• [What you will do] Reproduce the listing that follows word for word, without its pictures.

• [Input data]
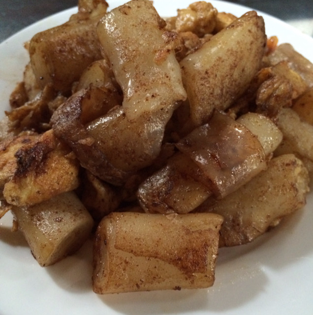 4:凉粉和火腿煎至两面金黄,把调好的汁浇在上面搅拌出锅。
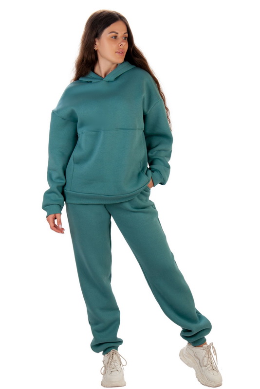 Теплий та комфортний костюм для жінок, виготовлений із полотна "Тринитка з начосом". Модель стильна та практична, складається зі штанів та худі, штани мають по низу широкі еластичні манжети, худі вільного крою. Комплект виконаний в різноманітній палітрі кольорів, на будь-який смак, чудово підійде для використання в холодну пору року. Тканина щільна, має густий начіс з виворотної сторони, чудово зберігає тепло.
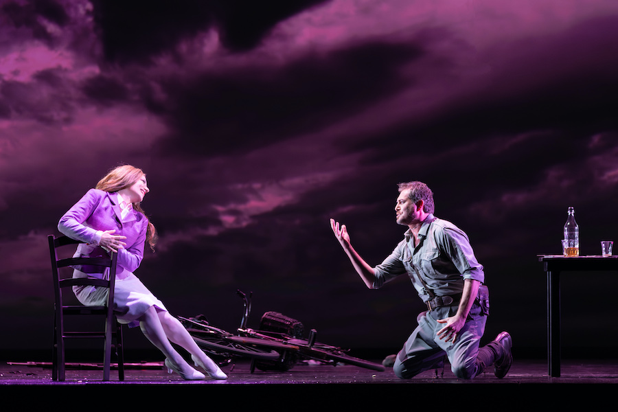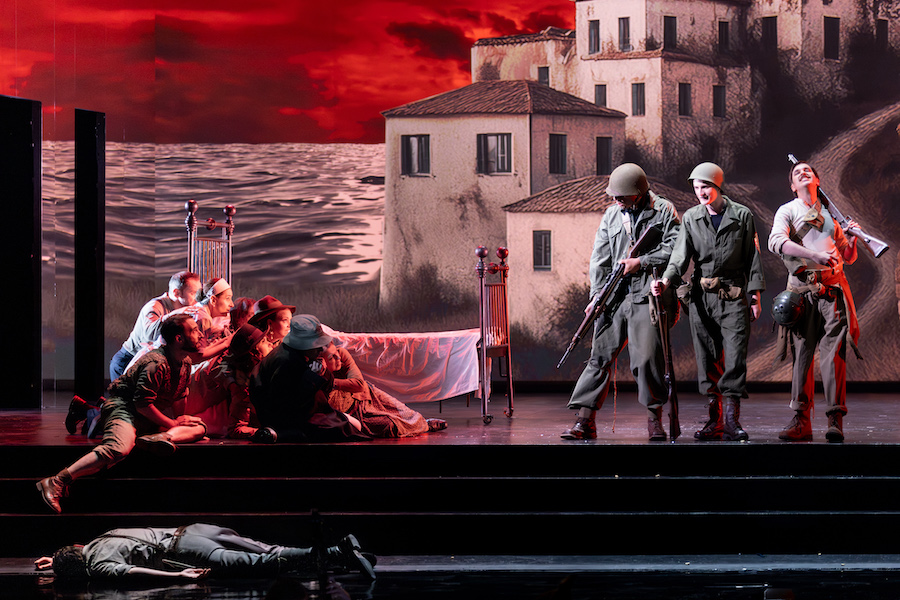 La modernité de l’œuvre est exaltée par le metteur en scène Davide Livermore, qui situe l’histoire mythologique sur une île méditerranéenne après la Seconde Guerre mondiale, « une Ithaque suspendue dans l’après-guerre, imprégnée de l’odeur de la mer et de la mémoire d’un monde ancien. Une réalité livide et poussiéreuse qui semble tout droit sortie du cinéma néoréaliste de Rossellini et Visconti », écrit Livermore dans ses notes de mise en scène. Et c’est bien à Stromboli ou à La terra trema, mais aussi à Mediterraneo de Salvatores, que l’on pense en voyant les décors d’Eleonora Peronetti et les costumes d’Anna Verde, qui construisent un monde où « le temps devient une attente rythmée par le ressac de la mer et du vent et marque la répétition des gestes, le lent écoulement de la vie quotidienne » et où « l’île est l’écrin géographique de souvenirs méditerranéens ». Les lumières d’Antonio Castro et surtout les projections de D-WOK, si justes et essentielles dans ce spectacle, fournissent le support visuel pour définir un espace de terre en attente d’un avenir que l’on espère meilleur.

• [Answer below]
 4:凉粉和火腿煎至两面金黄,把调好的汁浇在上面搅拌出锅。
 Теплий та комфортний костюм для жінок, виготовлений із полотна "Тринитка з начосом". Модель стильна та практична, складається зі штанів та худі, штани мають по низу широкі еластичні манжети, худі вільного крою. Комплект виконаний в різноманітній палітрі кольорів, на будь-який смак, чудово підійде для використання в холодну пору року. Тканина щільна, має густий начіс з виворотної сторони, чудово зберігає тепло.
 La modernité de l’œuvre est exaltée par le metteur en scène Davide Livermore, qui situe l’histoire mythologique sur une île méditerranéenne après la Seconde Guerre mondiale, « une Ithaque suspendue dans l’après-guerre, imprégnée de l’odeur de la mer et de la mémoire d’un monde ancien. Une réalité livide et poussiéreuse qui semble tout droit sortie du cinéma néoréaliste de Rossellini et Visconti », écrit Livermore dans ses notes de mise en scène. Et c’est bien à Stromboli ou à La terra trema, mais aussi à Mediterraneo de Salvatores, que l’on pense en voyant les décors d’Eleonora Peronetti et les costumes d’Anna Verde, qui construisent un monde où « le temps devient une attente rythmée par le ressac de la mer et du vent et marque la répétition des gestes, le lent écoulement de la vie quotidienne » et où « l’île est l’écrin géographique de souvenirs méditerranéens ». Les lumières d’Antonio Castro et surtout les projections de D-WOK, si justes et essentielles dans ce spectacle, fournissent le support visuel pour définir un espace de terre en attente d’un avenir que l’on espère meilleur.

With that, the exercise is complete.